Note: Ensure Scrapy is installed and accessible via the specified command.

5. Allowed Domains

Environment Variable: SCRAPER_TOOL_ALLOWED_DOMAINS

Type: List[str]

Default: [] (empty list - no restrictions)

Description: List of allowed domains for scraping. This is a security feature that restricts scraping to specific domains.

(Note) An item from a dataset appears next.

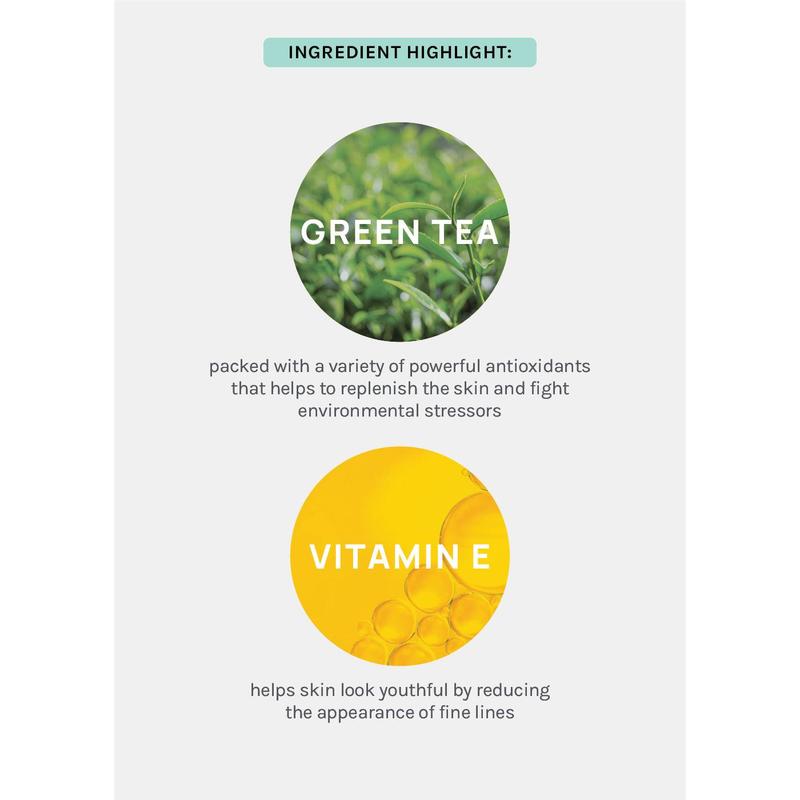 ·Infused with Green Tea and Vitamin E to soothe and brighten the skin

Empty list means no restrictions.

Format: JSON array string with double quotes

Security Configurations:

  • Restrictive: ["trusted-site.com","api.trusted-site.com"]

  • Permissive: [] (no restrictions)

  • API only: ["api.example.com"]

Example:

# Allow only specific domains
export SCRAPER_TOOL_ALLOWED_DOMAINS='["example.com","api.example.com"]'

# No restrictions (development only)
export SCRAPER_TOOL_ALLOWED_DOMAINS='[]'

Security Note: Use restrictive domain lists in production to prevent unauthorized scraping.

6. Blocked Domains

Environment Variable: SCRAPER_TOOL_BLOCKED_DOMAINS

Type: List[str]

Default: [] (empty list - no blocks)

Description: List of blocked domains for scraping. This prevents scraping of known malicious or problematic domains.

Format: JSON array string with double quotes

Common Blocked Domains:

  • Malicious sites

  • Sites with aggressive anti-bot measures

  • Sites that violate terms of service

  • Sites with known security issues

Example:

# Block known problematic domains
export SCRAPER_TOOL_BLOCKED_DOMAINS='["malicious.com","spam.com","blocked-site.com"]'

Security Note: Regularly update blocked domains list based on security advisories.

7. Use Stealth Mode

Environment Variable: SCRAPER_TOOL_USE_STEALTH

Type: Boolean

Default: False

Description: Whether to use stealth mode with Playwright to avoid bot detection. When enabled, the tool applies various techniques to make the browser appear more like a regular user browser, helping to bypass anti-bot measures.

Stealth Features:

  • Removes webdriver property

  • Masks automation indicators

  • Randomizes browser fingerprints

  • Mimics human-like behavior

  • Bypasses common bot detection methods

Requirements:

# Install playwright-stealth
pip install playwright-stealth

# Or install with scraper extras
pip install aiecs[scraper]

Example:

# Enable stealth mode globally
export SCRAPER_TOOL_USE_STEALTH=true

# Or in .env file
SCRAPER_TOOL_USE_STEALTH=true

Use Cases:

  • Scraping sites with anti-bot protection

  • Accessing content that blocks automated browsers

  • Bypassing Cloudflare and similar protections

  • Testing website behavior with realistic browser profiles

Note: Stealth mode only works with Playwright rendering. It has no effect on regular HTTP requests. If playwright-stealth is not installed, the tool will log a warning and continue without stealth mode.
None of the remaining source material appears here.